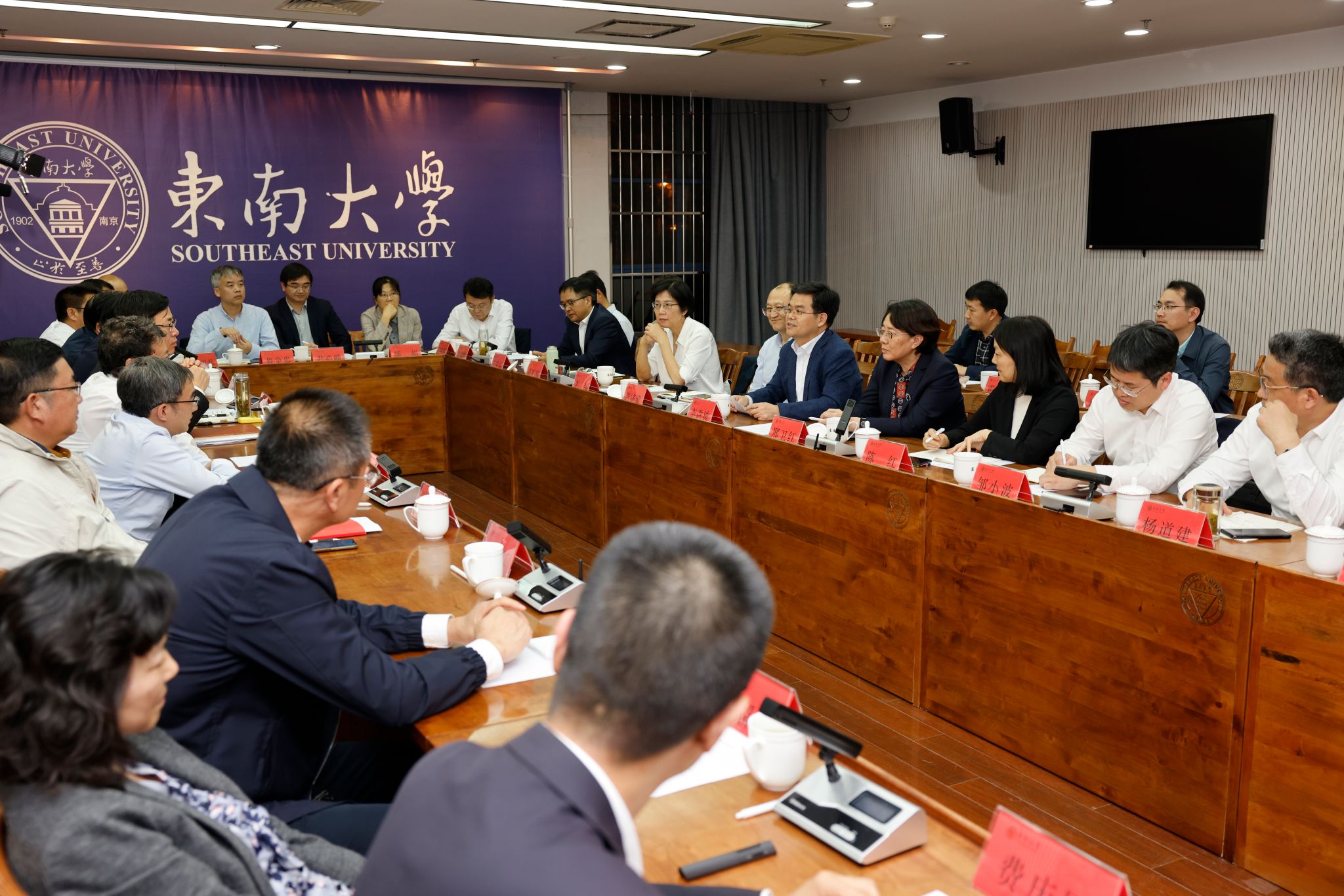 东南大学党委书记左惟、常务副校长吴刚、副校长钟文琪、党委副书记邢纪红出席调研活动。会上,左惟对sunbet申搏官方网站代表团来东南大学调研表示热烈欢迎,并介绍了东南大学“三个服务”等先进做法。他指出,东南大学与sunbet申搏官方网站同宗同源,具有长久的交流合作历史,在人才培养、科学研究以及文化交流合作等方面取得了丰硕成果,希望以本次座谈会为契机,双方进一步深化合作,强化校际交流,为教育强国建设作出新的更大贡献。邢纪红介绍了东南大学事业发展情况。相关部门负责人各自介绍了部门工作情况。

---

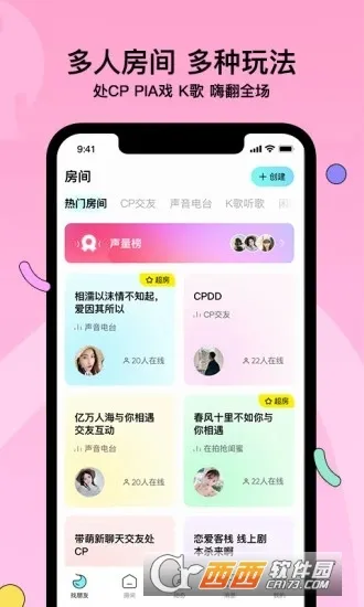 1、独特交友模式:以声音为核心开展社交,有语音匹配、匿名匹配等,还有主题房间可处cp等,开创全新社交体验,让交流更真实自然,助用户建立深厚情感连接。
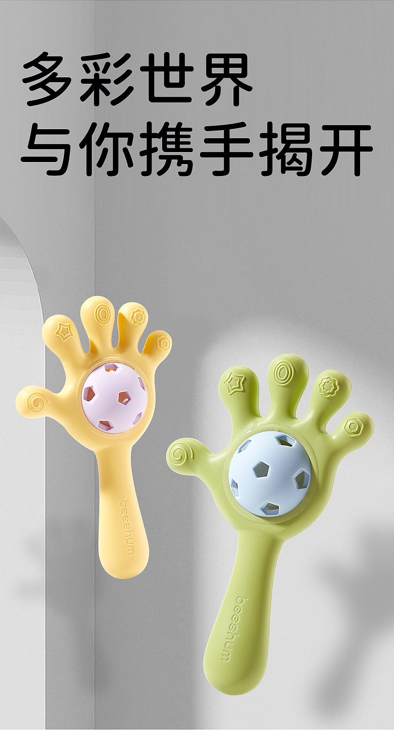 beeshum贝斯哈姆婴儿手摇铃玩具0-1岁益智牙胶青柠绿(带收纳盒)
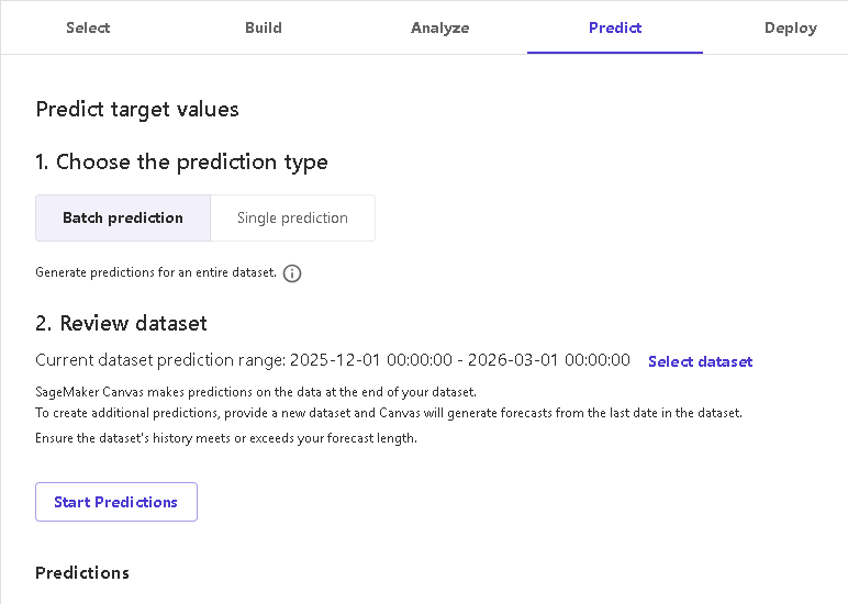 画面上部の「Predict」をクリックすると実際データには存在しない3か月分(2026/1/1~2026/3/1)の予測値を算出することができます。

**Task requirements**
The copy should hold only the lines from the one with "1、独特交友模式:以声音为核" through the one with "画面上部の「Predict」", exactly as they stand above. Leave out the pictures.

**Solution to this exercise**
 1、独特交友模式:以声音为核心开展社交,有语音匹配、匿名匹配等,还有主题房间可处cp等,开创全新社交体验,让交流更真实自然,助用户建立深厚情感连接。
 beeshum贝斯哈姆婴儿手摇铃玩具0-1岁益智牙胶青柠绿(带收纳盒)
 画面上部の「Predict」をクリックすると実際データには存在しない3か月分(2026/1/1~2026/3/1)の予測値を算出することができます。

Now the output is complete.